■ **WHAT NEEDS TO BE DONE**: Your output should be the complete listing, word for word, with no pictures in it.

DATASET SECTION: Begin

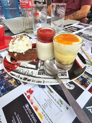 Sortant de l'autoroute pour diner rapidement nous avons eux la surprise de découvrir ce café qui sert une cuisine simple de région (feuilleté aux oeufs et galette de pommes de terres et fromage de chèvre) dans une salade bien sympathique. Accueil tres chaleureux . On sent ici que l'on veut faire plaisir. Nous y avons a nouveau fait une halte au retour pour le midi en terrasse au soleil. A 1000 lieux des aires aseptisé d'autoroute. Coming off the motorway for a quick dinner, we were surprised to discover this café which serves simple regional cuisine (egg puff pastry and potato and goat cheese pancakes) in a very nice salad. Very warm welcome. You can feel that they want to please. We stopped there again on the way back for lunch on the terrace in the sun. A thousand miles from the sanitized motorway service areas....
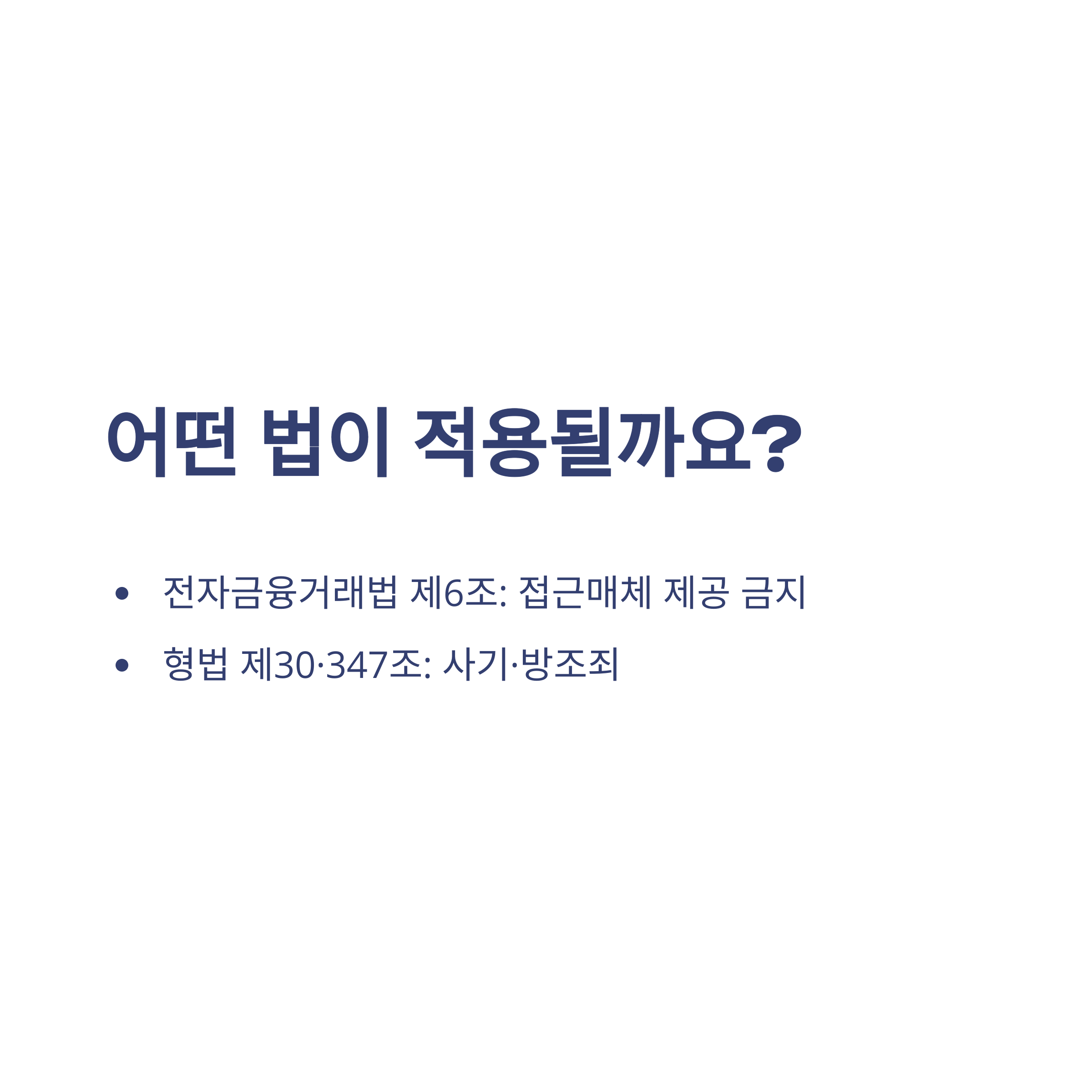 | 전자금융거래법 제6조 | 접근매체 제공 금지 | 5년 이하 징역 또는 3천만 원 이하 벌금 |
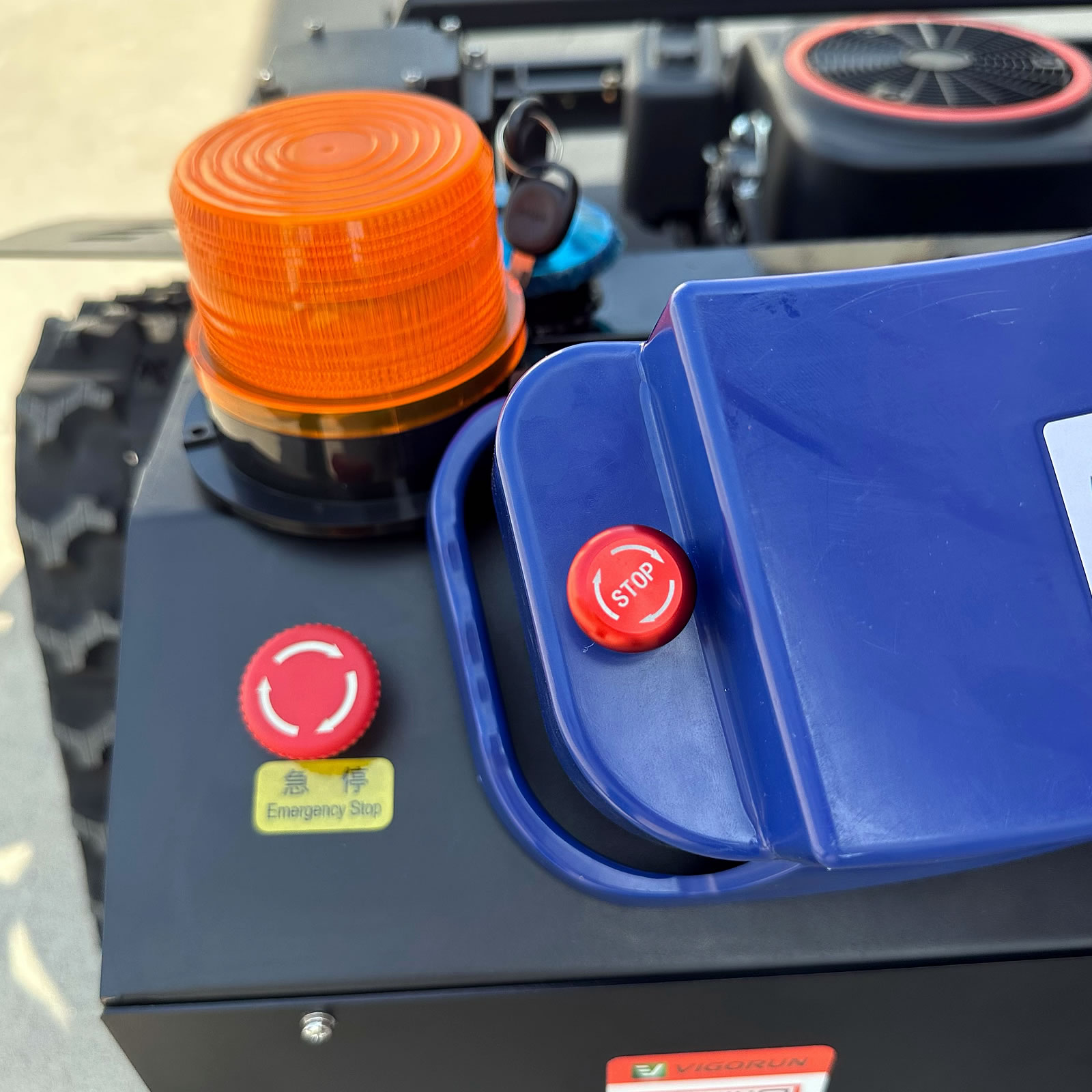 To ensure maximum safety, the VTLM800 is equipped with CE-certified warning lights and emergency stop buttons. The remote controller also features an emergency stop function, allowing operators to immediately shut down the machine if necessary. These redundant safety measures provide full protection during slope operations.

DATASET SECTION: End

■ **ANSWER**:
 Sortant de l'autoroute pour diner rapidement nous avons eux la surprise de découvrir ce café qui sert une cuisine simple de région (feuilleté aux oeufs et galette de pommes de terres et fromage de chèvre) dans une salade bien sympathique. Accueil tres chaleureux . On sent ici que l'on veut faire plaisir. Nous y avons a nouveau fait une halte au retour pour le midi en terrasse au soleil. A 1000 lieux des aires aseptisé d'autoroute. Coming off the motorway for a quick dinner, we were surprised to discover this café which serves simple regional cuisine (egg puff pastry and potato and goat cheese pancakes) in a very nice salad. Very warm welcome. You can feel that they want to please. We stopped there again on the way back for lunch on the terrace in the sun. A thousand miles from the sanitized motorway service areas....
 | 전자금융거래법 제6조 | 접근매체 제공 금지 | 5년 이하 징역 또는 3천만 원 이하 벌금 |
 To ensure maximum safety, the VTLM800 is equipped with CE-certified warning lights and emergency stop buttons. The remote controller also features an emergency stop function, allowing operators to immediately shut down the machine if necessary. These redundant safety measures provide full protection during slope operations.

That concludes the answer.